Now, the focus has shifted to two new topics: growing income inequality as a risk to economic growth and social stability and the emergence of Africa as an economic force. Neither of these is a big surprise as neither is new. But the fact that these are the primary focus this year tells us that these topics will likely become more prominent in 2014.

The issue of income inequality will likely be prominent in U.S. Congressional mid-term elections in November. Republican Paul Ryan has already been criticizing the failure of Obama administration policies, saying the manner in which it tackled the 2008 financial crisis exacerbated the problem. Republicans and Democrats will both make the issue central as they seek to win over swing voters. Strap in! The debate on inequality will likely shape economic policy and the structural forces that will determine long-term economic growth and investment returns.

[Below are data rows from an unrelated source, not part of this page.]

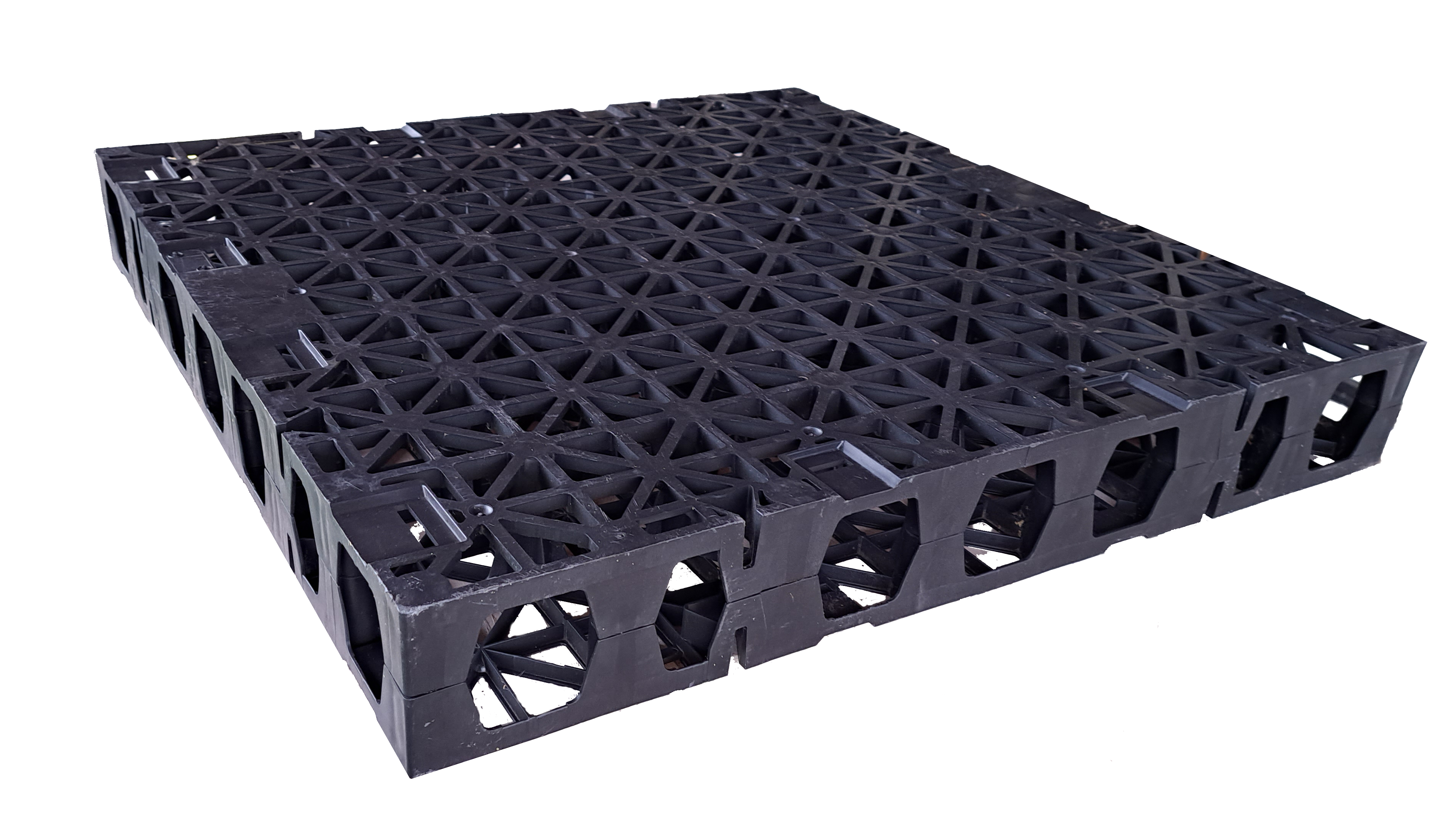 Matrix (connected elements). Thanks to the connectors, the system becomes one connected whole, a click mechanism prevents any individual subsidence of the crates.
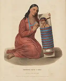 "The sketch exhibits a certain etiquette. The Squaw's station in travelling is at a considerable distance in the rear of her liege lord, and never at the side of him. [Walker] had the kindness to present the writer a dozen pair of moccasins worked by this squaw - richly embroidered on the instep with colored porcupine quills."[21][22][23]
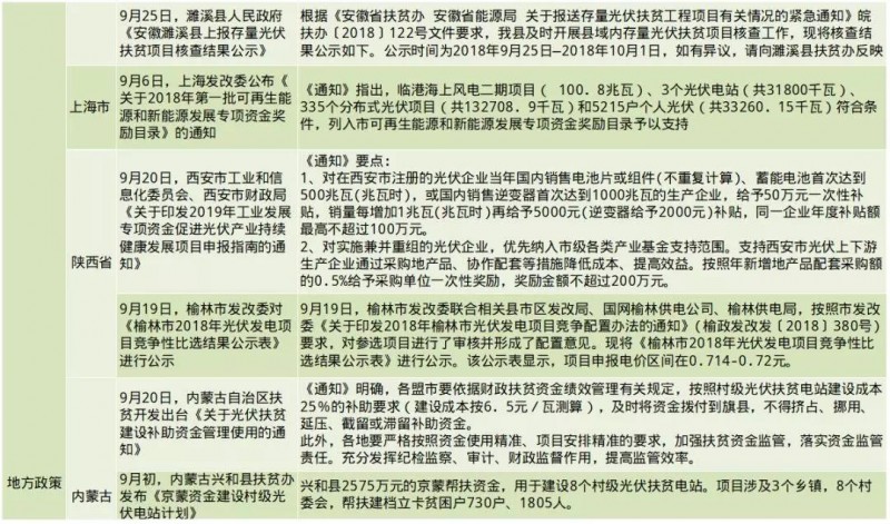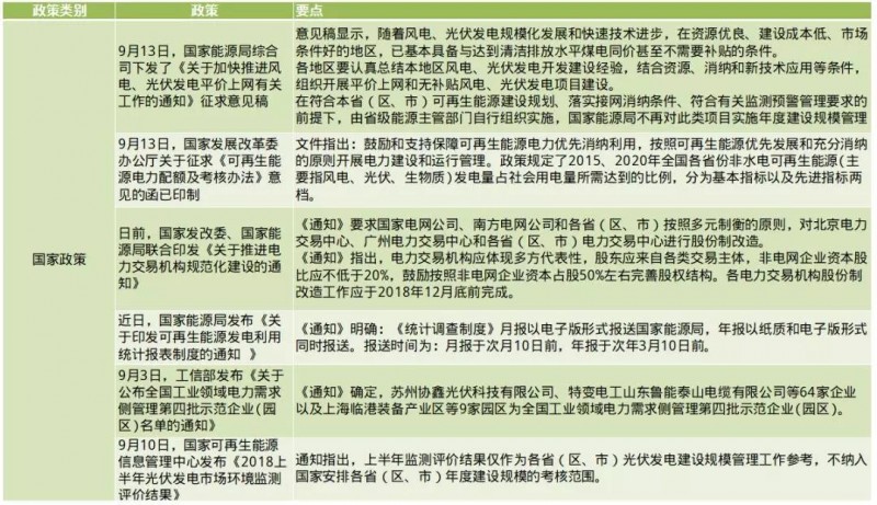 國家:出臺光伏新政策6條;政策內(nèi)容要點諸如:各地區(qū)組織開展平價上網(wǎng)和無補貼風(fēng)電、光伏發(fā)電項目建設(shè);
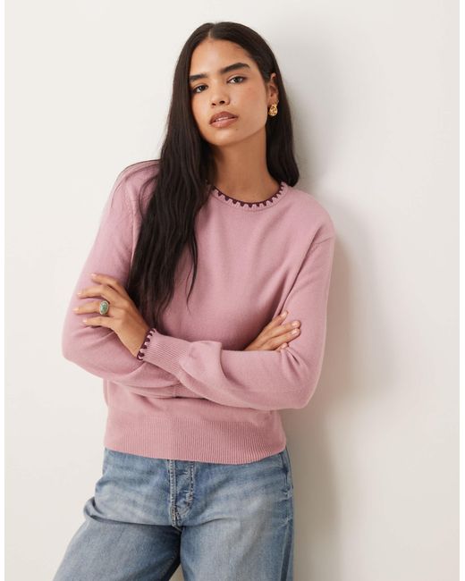 Pulls et gilets par Threadbare Col ras de cou Manches longues Encolure contrastante avec bords festonnés Bords légèrement festonnés au niveau des poignets Coupe classique. Coloris : rose
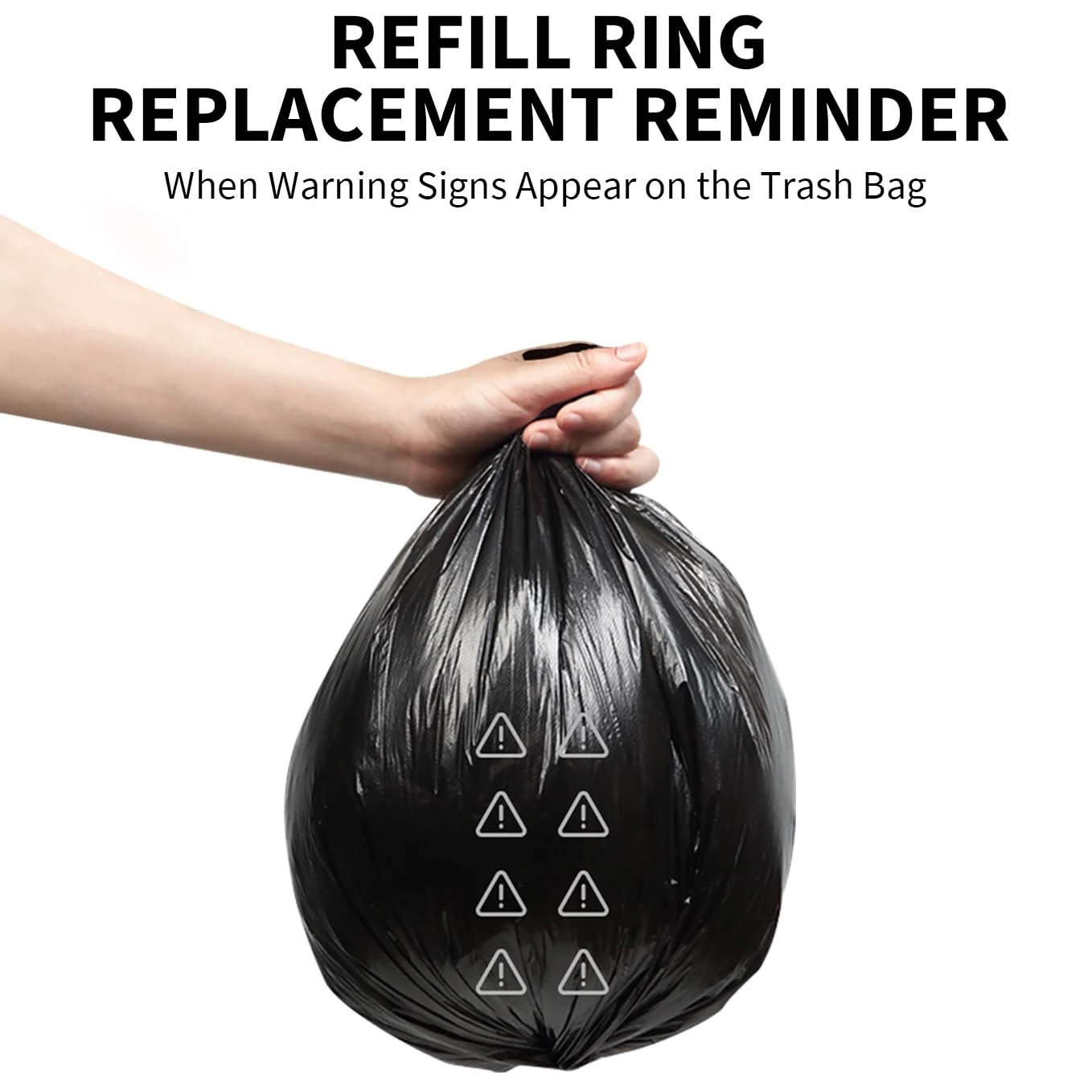 Reciba recordatorios de reemplazo: con marcas de advertencia visibles en la bolsa de basura para recordarle que rellene el anillo de la bolsa de basura.Y también puedes recibir notificaciones oportunas a través de la aplicación cuando la bolsa de basura se está agotando.
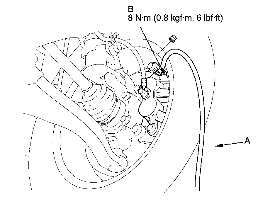 4. Attach a length of clear drain tube (A) to the bleed screw (B), then loosen the bleed screw to allow air to escape from the system. Then tighten the bleed screw securely.
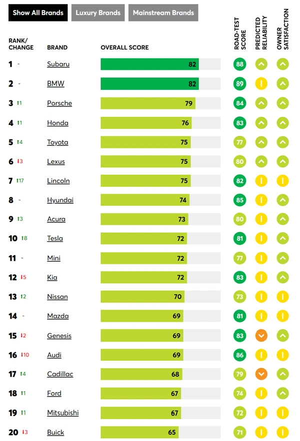 本年度,《消费者报告》可靠性排名第一为丰田,终结了斯巴鲁连续两年的榜首位置;而在综合评分中,斯巴鲁仍然位居第一,宝马紧随其后,第3-9名分别为保时捷、本田、丰田、雷克萨斯、林肯、现代、讴歌,第11-15名分别为Mini、起亚、日产、马自达、捷尼赛思。
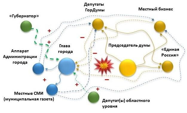 На первый взгляд, проведенный нами анализ ситуации конфликта между главой города и председателем думы выглядит достаточно долгим и не во всем простым. Для того чтобы ответить на вопросы, возникающие в процессе первичного исследования субъектов и факторов, необходимо владеть общим пониманием всех возможных участников и потенциал их влияния. Добавим сюда еще и понимание/знание того, как они могут быть сгруппированы в отдельные кластеры.
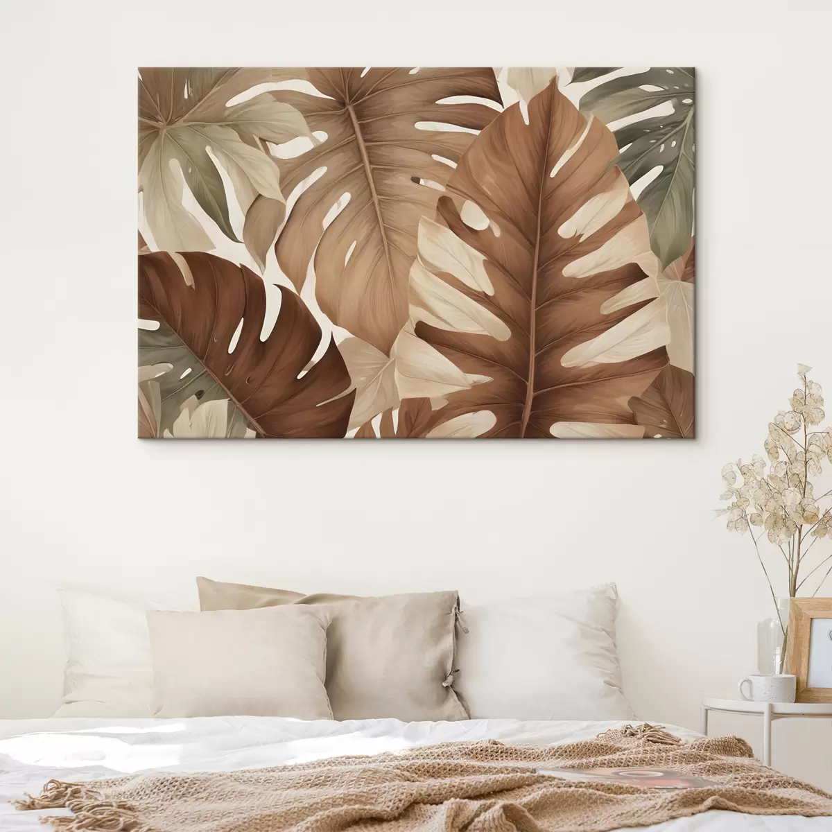 Paveikslas Atogrąžų natūralių, organinės tekstūros rudų ir smėlio atspalvių lapų spauda Nr s40613

As for Africa, the cat is out of the bag that the opportunity there is huge. Sub-Saharan African nations are working together and making significant political and structural progress which will allow rapid economic growth in the coming decades. My meetings here with leaders from Rwanda and with a delegation from Nigeria on Monday in London remind me of experiences I had on my first trip to China in 1988. It is no longer prudent for investors to ignore Africa. It is becoming the greatest growth opportunity in the world. The good news is that if you invest now you are early!

Rising Capacity Utilization Suggests More U.S. Corporate CapEx Spending

Historically, a meaningful increase in capacity utilization is followed by acceleration in capital expenditure (CapEx). As the U.S. industrial capacity utilization rate in December increased to the highest level since June 2008, we should expect CapEx, measured by the U.S. private non-residential investments, to grow strongly in the next few quarters, adding further momentum to the U.S. economic expansion.

U.S. REAL PRIVATE NON-RESIDENTIAL INVESTMENTS YOY% VS. U.S. CAPACITY UTILIZATION RATE YOY%

CUMULATIVE NYSE ADVANCE/DECLINE LINE AND THE DOW JONES INDUSTRIAL AVERAGE

Source: Haver, Guggenheim Investments. Data of 12/31/2013 for capacity utilization and as of 9/30/2013 for real private non-residential investment.

Economic Data Releases

Industrial Output Continues Gains While Housing Market Cools

  • Industrial production increased for a fifth straight month in December, growing 0.3%.
  • Housing starts fell 9.8% to an annualized pace of 999,000 in December following November’s surge in starts.
  • Building permits decreased more than expected, down 3.0% to 986,000. The decrease comes after December’s 2.1% drop.
  • The NAHB Housing Market Index unexpectedly fell in January, ticking down from 57 to 56.
  • Initial jobless claims declined modestly for the week ended January 11th, falling 2,000 to 326,000.
  • University of Michigan consumer confidence surprised to the downside in January, dropping from 82.5 to 80.4.
  • The Philadelphia Fed Business Outlook Index increased to 9.4 in January after falling the previous three months.
  • The CPI rose 0.3% from November to December, pushing the year-over-year reading up to 1.5%, the highest in four months.

German Investor Confidence Falters, Chinese Growth Edges Down

  • Germany’s ZEW survey of investor expectations unexpectedly fell in January, down to 61.7 from 62.0, the first decrease in six months.
  • U.K. retail sales, excluding autos, jumped 2.8% in December. Sales ended the year 6.1% higher than a year earlier.
  • China’s fourth quarter GDP grew 7.7% year-over-year, ticking down from 7.8% the previous quarter.
  • Chinese industrial production slowed in December, declining from 10.0% year-over-year to 9.7%.
  • Retail sales in China inched down to 13.6% year-over-year from 13.7% in November.